The mud walls of my tukul are perfectly smooth, like a flat brown beach at low tide after the distant waves have worn it even. In one place a large handprint is textured next to the doorframe, a quasi-permanent reminder of someone who used earth and trees to make my home. Small creatures I have never seen or heard live in the walls, and every day with appreciative guilt I delicately crumble the tiny tunnels of their front-doors that have emerged like coral in the night. The seaside imagery is ironic of course; it is unfathomably hot. The tukul (also mocking irony of a name too if you ask me) tries it’s best to cool off at night and cling to the few degrees it has on the world outside but by early afternoon there is a suffocating feeling of claustrophobia in the complete absence of anywhere cool to go that is hard, yet very important, to keep in check. But blessed evening does eventually come, and the sun that has by now bleached even the sky dead and white, slips below the horizon. We eat outside, we bathe the babies outside, and then we sit outside, me with my skirt hiked up in the modest cover of darkness, and talk under an orange moon. After we have bathed (also outside, but behind matted walls) we join the babies indoors, crawl under our mosquito net and kick the beautiful Kashmiri bedspread that I insisted we bring with us to make our tukul more homey (and it was money well spent) to the floor. If you lie just still enough you can almost will yourself to stop sweating. The tarps under the grass roof breath in and out softly with the night air making it feel almost like sleeping inside a warm, earthy animal. And amazingly or obviously, I’m not always sure which, I rest.

The first few days were really hard. The girls were adjusting to the heat (weren’t we all) and it has taken us a while to get unpacked and settled into our two room hut. There was lizard skin in my wok. You get sun-burned in awkward places if you stay in our roofless latrine for too long at the wrong time of day. My two-year old was running around saying “landmine” (a Danish company is clearing mines in the area; we’ve heard three since we’ve been here). My baby refused to be held by anyone except me for all twelve hours of the day she wasn’t sleeping. It wasn’t fun. Exciting, fulfilling, hilarious…yes; but not fun.      

But around day six that changed. My little gas stove and plastic shelves full of pots and pans are set up and I have made some beautiful bread in the charcoal oven that sits outside under the neem tree. Annabelle, my filthy beautiful Annabelle, is loving being outside 90% of the time and experimenting with words in new languages. We had her second birthday party last week, incidentally the same day we bought a donkey and cart to haul water from the borehole or cargo from the airstrip (as I’ve said before, we’re that ghetto organization that parks their donkey next to the fleet of Land Cruisers…) and I’m pretty sure she is expecting a camel for her third birthday. Mary Katherine, though still a mama’s girl, is now happy to sit in her sweaty sweet fat rolls in her swing for a while. Trips to the market in the slinky folds of my cumbersome tobe are so much fun. People ask where I learned Arabic as I pick through their piles of onions. It’s good to talk. Friends from our years in K who now live in the camp stop by to visit and we catch up as we drink warm juice in the shade. Our guards, Harun and Jafar, two older Rotana men with sinewy arms and deep-set eyes are kind to our children who rummage through the rope they braid out of fan-plants; they teach us words in their language.
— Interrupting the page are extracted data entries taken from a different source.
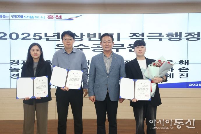 [아시아통신] 홍천군은 10월 1일 홍천군청 대회의실에서 2025년 상반기 적극행정 우수공무원 3명에게 상장을 수여하고 격려했다.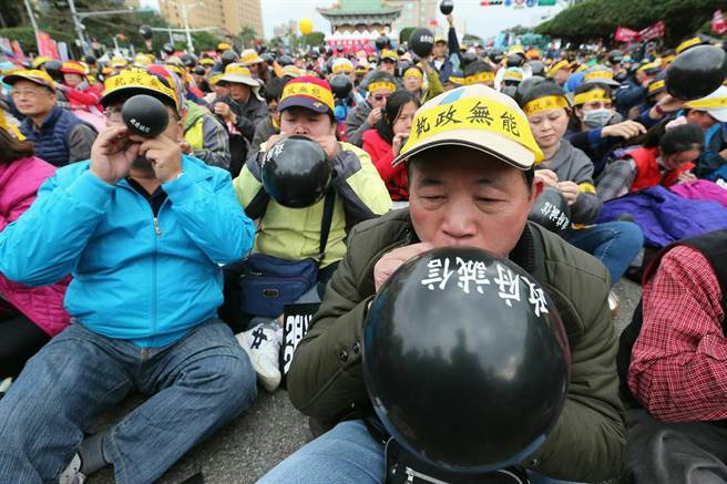 數萬抗議臺當局年金改革群眾于農歷春節前夕,云集到蔡辦門前的凱達格蘭大道,怒轟民進黨當局執政無能,要蔡英文下臺。(圖片來源:臺灣《中時電子報》)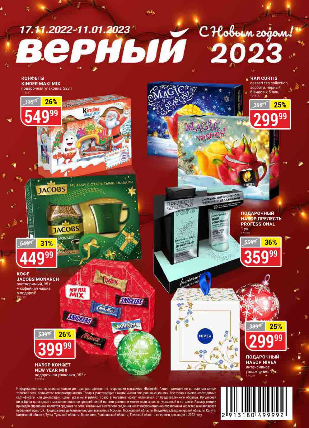 Акции по Новогоднему каталогу магазина Верный с 17 ноября — 11 января 2023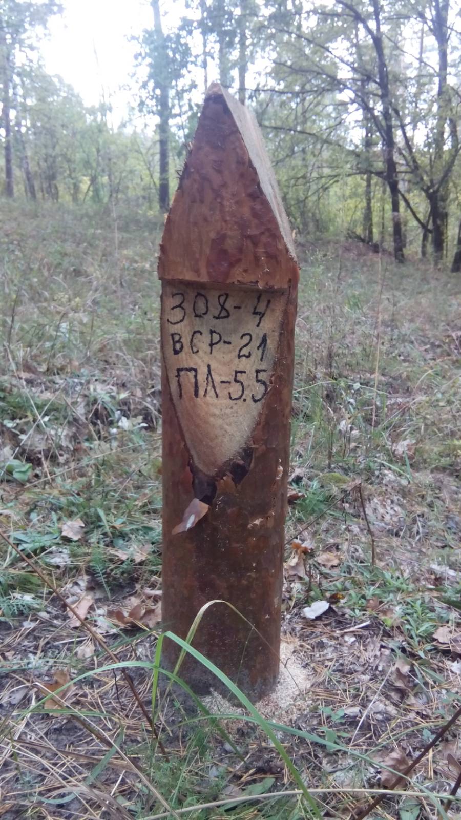Лесохозяйственный столбик четко указывает место незаконной рубки

A few days ago I gashed my upper arm on the zinc of our front door as I dodged a lizard that I was sure was going to fall on my head as it slipped on the tarps of our ceiling. The cut hurt and will leave a raised scar. But even that is fun to me. To watch my husband patch me up and watch my body heal…that is exciting or interesting or fulfilling or something. To live somewhere where you get dirty every single day. Where you always know how full the moon is or which way the wind is coming from. Where you always have a pitcher or something set aside for the visitor that you don’t know about, who you can be sure will be here before too long. Where you stay up talking about what Arabic word your daughter learned today and what we should name the donkey. Somehow, even as I sweat my eyeballs out, breath curses on the freak-of-nature plant growing up through my cement floor and contort my brain for vocabulary and conjugations I haven’t used in a long time, I am having fun. Which makes me think I must be in the right place.

Sunday, April 14, 2013

Back


Some people are such great writers that that make the hum-drum of ordinary life profound and interesting to read about. I feel those are the real writers, the people who can take the everyday and make it fascinating and meaningful.

I am not that kind of writer.

After several month in Kenya, a beautiful and interesting place to be sure, but one where my life takes on the easy flow of nice grocery stores, hot showers and computer office work, my blog has just about flat-lined. (Granted, Annabelle and Mary Katherine are as much to blame as indoor plumbing.)

The good news though is that I am now back in North Africa and after only four hours in my senses have been absolutely assaulted. If my daughters will allow it, I am looking forward to more time writing in the months ahead. It certainly won’t always be profound, but I think I undoubtedly live in one of the most fascinating places on the planet and if I don’t write about it I think I will explode.

To say that you live in such a marvelously interesting place though is not to say that you love everything about it. Far from it. In fact, I’m pretty sure I am experiencing a fair amount of culture stress right about now. When we boarded our flight in Entebbe, I had just collapsed into my seat with a sleeping MaryKat attached to me and a ridiculously overstuffed diaper bag and purse shoved to the floorboards when an irritated and heavily accented voice in the aisle a few rows bag grumbled loudly, “Ah, who is causing this jam?” The voice belonged to a slick looking politician type in a suit and pointy shoes, probably the kind of guy that could easily affect whether or not I get to stay in this country, and who clearly meant nothing more than to vent a little. And yet, I spent the first twenty minutes of the flight going over my Arabic verb conjugations for phrases that involved words like “jerkwad” (or their near equivalent anyway).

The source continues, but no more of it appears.